**GIVEN INFORMATION**:
━━━

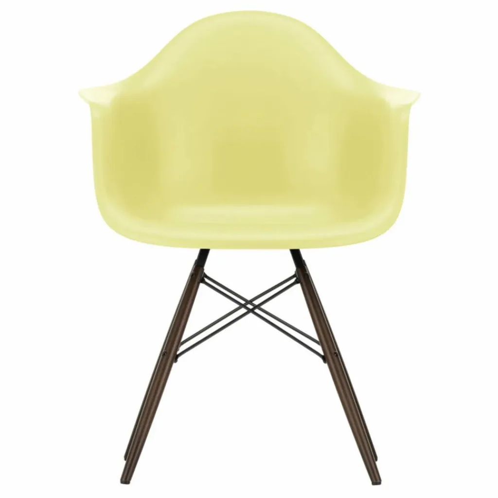 La chaise DAW (Dining Height Armchair Wood Base), conçue par Charles et Ray Eames, est un exemple emblématique d’un siège dont la coque peut être associée à différents types de piètements. Son piètement en bois crée un contraste intéressant avec la coque en plastique recyclé post-consommation. Cette combinaison de matériaux offre non seulement un aspect visuel attrayant, mais elle contribue également à la durabilité de la chaise en utilisant des matériaux recyclés.
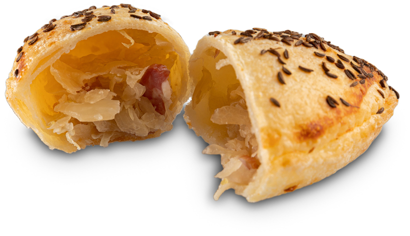 Těsto: škrob (kukuřičný, rýžový), margarín (rostlinné tuky a oleje (řepkový, kokosový, slunečnicový), voda, emulgátor E471, regulátor kyselosti E330 a E331, jedlá sůl, přírodní aroma, barvivo betakaroten), mouka rýžová, vláknina (z čekanky, z indického jitrocele), stabilizátory (E464, E412), dextróza, sójová bílkovina, sušený tuk (slunečnicový), emulgátor (E322), kypřící látky (E450, E500). Náplň: zelí kysané (zelí bílé, voda, jedlá sůl, kmín, konzervant: E202 sorban draselný), anglická slanina 95 % masa (vepřové maso, voda, sůl, konzervanty E326, E250, E243, dextróza, antioxidanty E331, E301, aroma, extrakt z koření).
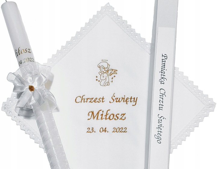 - свеча, украшенная вручную, с именем ребенка и крещения дата
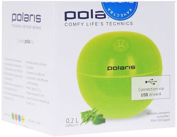 - Описание (полное) Увлажнитель воздуха Polaris PUH 3102 apple изготовлен в виде небольшого яблочка синего цвета. Его можно разместить на столе, полочке или даже в автомобиле. Устройство имеет ультразвуковой тип функционирования. Небольшая мембрана создает частые колебания, превращающие воду из резервуара в легкий туманный пар. Он распределяется по всему периметру комнат площадью до 10 м? и очищает даже самый спертый воздух.Polaris PUH 3102 apple имеет прочный резервуар с запасом в 0.2 л воды. Запаса хватает, чтобы беспрерывно увлажнять воздух в помещениях до 4 ч. Увлажнитель можно подсоединять к сети с использованием USB-кабеля. Расходует воду прибор по 50 мл/ч, потребляет 2 Вт энергии и не требует серьезных энергозатрат. Габариты увлажнителя – 10х10х10 см, а его вес – 0.3 кг.

━━━

**WORK TASK**:
From the material above, copy everything exactly but the pictures.

**ANSWER BOX**:
 La chaise DAW (Dining Height Armchair Wood Base), conçue par Charles et Ray Eames, est un exemple emblématique d’un siège dont la coque peut être associée à différents types de piètements. Son piètement en bois crée un contraste intéressant avec la coque en plastique recyclé post-consommation. Cette combinaison de matériaux offre non seulement un aspect visuel attrayant, mais elle contribue également à la durabilité de la chaise en utilisant des matériaux recyclés.
 Těsto: škrob (kukuřičný, rýžový), margarín (rostlinné tuky a oleje (řepkový, kokosový, slunečnicový), voda, emulgátor E471, regulátor kyselosti E330 a E331, jedlá sůl, přírodní aroma, barvivo betakaroten), mouka rýžová, vláknina (z čekanky, z indického jitrocele), stabilizátory (E464, E412), dextróza, sójová bílkovina, sušený tuk (slunečnicový), emulgátor (E322), kypřící látky (E450, E500). Náplň: zelí kysané (zelí bílé, voda, jedlá sůl, kmín, konzervant: E202 sorban draselný), anglická slanina 95 % masa (vepřové maso, voda, sůl, konzervanty E326, E250, E243, dextróza, antioxidanty E331, E301, aroma, extrakt z koření).
 - свеча, украшенная вручную, с именем ребенка и крещения дата
 - Описание (полное) Увлажнитель воздуха Polaris PUH 3102 apple изготовлен в виде небольшого яблочка синего цвета. Его можно разместить на столе, полочке или даже в автомобиле. Устройство имеет ультразвуковой тип функционирования. Небольшая мембрана создает частые колебания, превращающие воду из резервуара в легкий туманный пар. Он распределяется по всему периметру комнат площадью до 10 м? и очищает даже самый спертый воздух.Polaris PUH 3102 apple имеет прочный резервуар с запасом в 0.2 л воды. Запаса хватает, чтобы беспрерывно увлажнять воздух в помещениях до 4 ч. Увлажнитель можно подсоединять к сети с использованием USB-кабеля. Расходует воду прибор по 50 мл/ч, потребляет 2 Вт энергии и не требует серьезных энергозатрат. Габариты увлажнителя – 10х10х10 см, а его вес – 0.3 кг.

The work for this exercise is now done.